Что ж, неудивительно, ведь пропавшая супруга Николаса была актрисой. И хорошей, признавала Мелисса. Фильмы с участием Василисы Прекрасной (разумеется, это был псевдоним; в мире искусства с непритязательной фамилией Горшкова далеко не уедешь) за эти годы стали классикой.

Так что, если Мелисса хотела привлечь внимание самого могущественного мужчины на земле, стоило немного напрячься и усилием воли приподнять уровень своей культурности.

Втайне она предвкушала, как Николас, грустя в одинокой роскоши императорской ложи, случайно наведет бинокль на партер, а там… Там она.

Мелисса тщательно продумала свой образ на вечер: красное шелковое платье с драпировкой в районе декольте; небрежная, но требующая много труда укладка; бриллианты в ушах и на запястье; бриллиантовая же накладка на перстне-разумнике. Разумеется, шпильки – с ее ростом это было просто необходимо. Итак, весь первый акт Николас будет рассматривать Мелиссу в бинокль, а в антракте пригласит к себе в ложу.
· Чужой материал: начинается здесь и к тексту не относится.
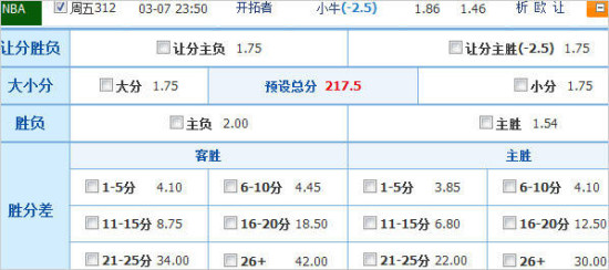 大小分:大分(217.5分) 胜分差:客胜1-5分/6-10分
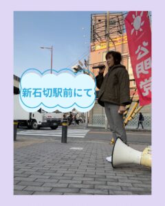 木曜日は新石切駅からのご挨拶。 「寒いけど頑張って」の声に勇気を頂きました。 そんな皆様からの声に、今やるべき事を、そしてこれまでの思いを変える事なく頑張っていこうと改めて決意した朝でした。

И тогда на следующее утро все мировые средства массовой информации выйдут под заголовками вроде «Его Императорское Величество + Мелисса Майер =?», «Красивые и влиятельные», «Невероятный вираж российской власти», «Высочайшее свидание или деловая встреча в театре?». Майн готт, Ангел Головастиков с ума сойдет. Звонок от продюсеров «Всемогущего» гарантирован.

Мелисса и сама не знала, чего больше в ее страстном желании влюбить в себя императора: тщеславия или искренних чувств к Николасу. Относилась бы она к нему так же, если бы Николас был, скажем, простым инженером Русско-Балтийского завода? Не исключено – его непоколебимая сдержанность заводила Мелиссу, привыкшую к мужскому обожанию. Но статус Императора Российского возносил Николаса на совершенно другой уровень. Первый после Бога. Католичка Майер не могла себе позволить его упустить. Вечер в Александринском театре должен был стать судьбоносным.
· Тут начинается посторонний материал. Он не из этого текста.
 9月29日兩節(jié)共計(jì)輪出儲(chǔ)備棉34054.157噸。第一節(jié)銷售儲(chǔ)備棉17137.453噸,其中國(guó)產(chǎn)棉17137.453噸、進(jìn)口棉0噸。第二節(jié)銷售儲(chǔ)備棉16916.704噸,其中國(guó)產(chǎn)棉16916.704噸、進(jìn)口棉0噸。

Но до вечера еще следовало дожить.

После обеда Мелиссе предстояла встреча с министром народного просвещения. Нужно было как-то решать проблему со Смольным институтом благородных девиц.

Проблемы, проблемы, проблемы… Вся ее работа состояла в решении неиссякаемых проблем. Иногда она казалась себе маленьким испуганным бобром с черной блестящей шерсткой, которого выкинули посреди Ниагарского водопада и приказали строить запруду.

– Мелисса Карловна, мое почтение, – поприветствовал главу правительства министр просвещения Евфимий Петрович Ширинский, тяжело отдуваясь и оседая в истертое бархатное кресло, вытащенное по случаю хорошей погоды на крышу Зимнего. – Уфф, высоковато вы забрались!

Плоскую кровлю на дворце соорудили еще во времена правления Константина Алексеевича – это была одна из новаторских дизайнерских идей императора. Трехметровые медные Аполлоны и Дианы, дежурящие на карнизе Зимнего с факелами в руках, охраняли километры солнечных батарей. Здесь же, невидимые с уровня земли, стояли плоские и широкие корыта с полимерным покрытием – для дождевой воды, которая затем автоматически подавалась в дворцовый водопровод. Умный особняк умел экономить деньги в любую погоду: в солнечную накапливал бесплатное электричество, в ливень – бесплатную воду.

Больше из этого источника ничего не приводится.